It's a yes and situation.
I think you should have goals and work towards them, but you need to be open to experiences
from that kind of curiosity and experimentation kind of spirit.
Like, let's just say, like, oh, the first book I wrote or this podcast or like being in
this studio, like none of these are a function of having whiteboarded them.
Right.
Like they are an outgrowth of like investing in my curiosity and being like, oh, this is cool.
I'm going to do this.
And like, oh, that looks interesting.
I'm going to move over here.
And that doesn't mean that I'm like a ping ponging around.
Yeah.
I'm doing it from a place of intentionality and, you know, kind of trusting my gut.
And there are guardrails and structures around like how I make those decisions.

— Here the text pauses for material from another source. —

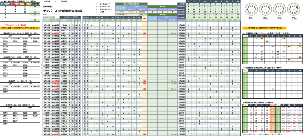 結果としてはニアピンとなりましたが、内容的にはかなり惜しい結果でした。予想の中には「0361」「0364」「4160」といった数字が含まれており、主軸であった「03」「06」「14」もきっちり出現しています。
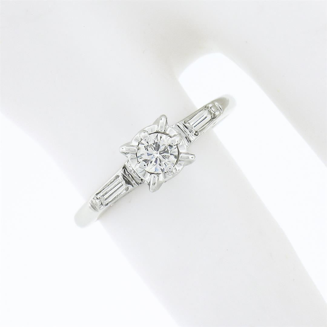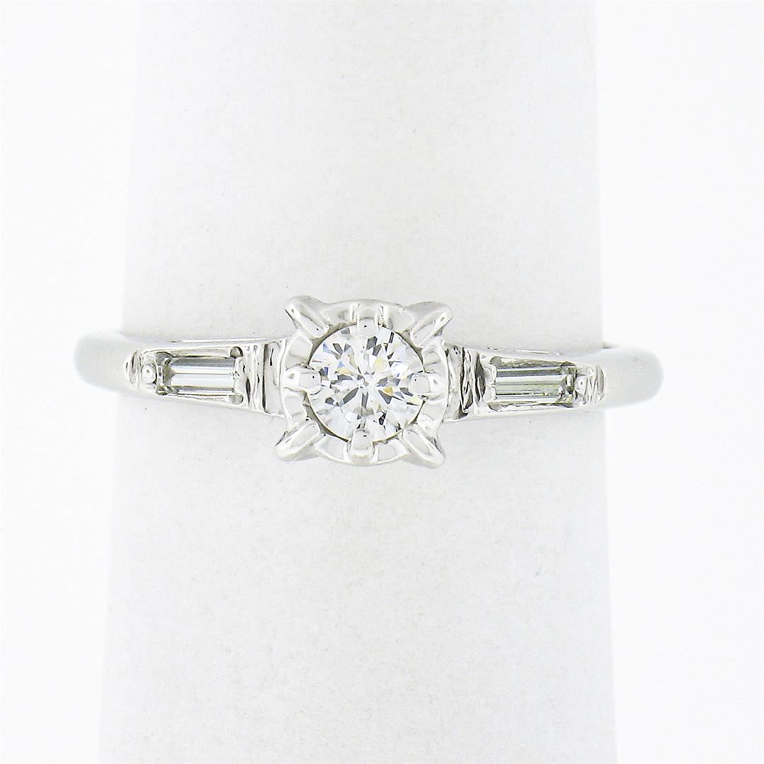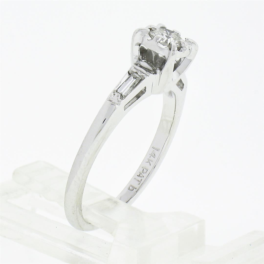 A solid 14k white gold engagement ring, with 1 old transitional cut natural diamond (H- VS2 ; 0.22ct), and 2 straight baguatte cut natural diamonds (G/H - VS1/VS2 ; 0.20ctw). The ring is size 5.0, weighs a total of 2.12 grams, and measures 5.20mm wide.

But it's not because I set a goal.
Yeah.
Yeah.
And so I'm trying to make sense of like how these two things live together.
That's like, I mean, it sounds like you're describing this kind of freedom within some decision-making framework, right?
And I was just in Angela Duckworth's class, actually, so we were talking about her earlier.
and she invited me to class just for one of her sessions.
And in the class she was talking about what she now calls the paramecium principle.
Have you heard of this already?
Okay, so obviously she's most famous for grit, passion and perseverance.
And what she was telling her students was, she was basically saying if I could redo grit a little bit,
I think I'd put a little bit more on the passion side emphasis because I think we've actually
often taught young people to persevere, but then they persevere at something and put their head up
years later and like, I actually don't like this thing. And so the paramecium principle is paramecium
single-celled organism. And all it really has is detectors that detectors that detect food,
nourishment, or warmth. And it'll detect a little and it will move in that direction. If it detects
more, it goes in that direction again. If it doesn't, it tries a different direction. And so it's
making this constant series of pivots. And what she was explaining to her students was,
that's engagement or interest is the thing that you should be pivoting to. And she was saying,
not happiness, that's a different thing, but interest or engagement and pivot toward it.
And to me, this is like a total reconception of her work in a way that I think is really interesting
and productive where don't feel like you're a failure because you didn't persist in this
goal that might not be the right goal for you because how could you have, how could you know if
it's the right? Like, one of my favorite phrases from range was we learn who we are in practice,
in theory that you can't conceptualize what's right for you in the future because you change
and the world changes. You actually have to do stuff and then reflect on it to understand. You have to
act and then think, not the reverse. And so I was pretty psyched to see her promoting this paramecium
principle where it's like, yeah, you want to persevere when something matters, but you want to be
constantly like titrating, you know, your path so that you're reacting to your level of interest.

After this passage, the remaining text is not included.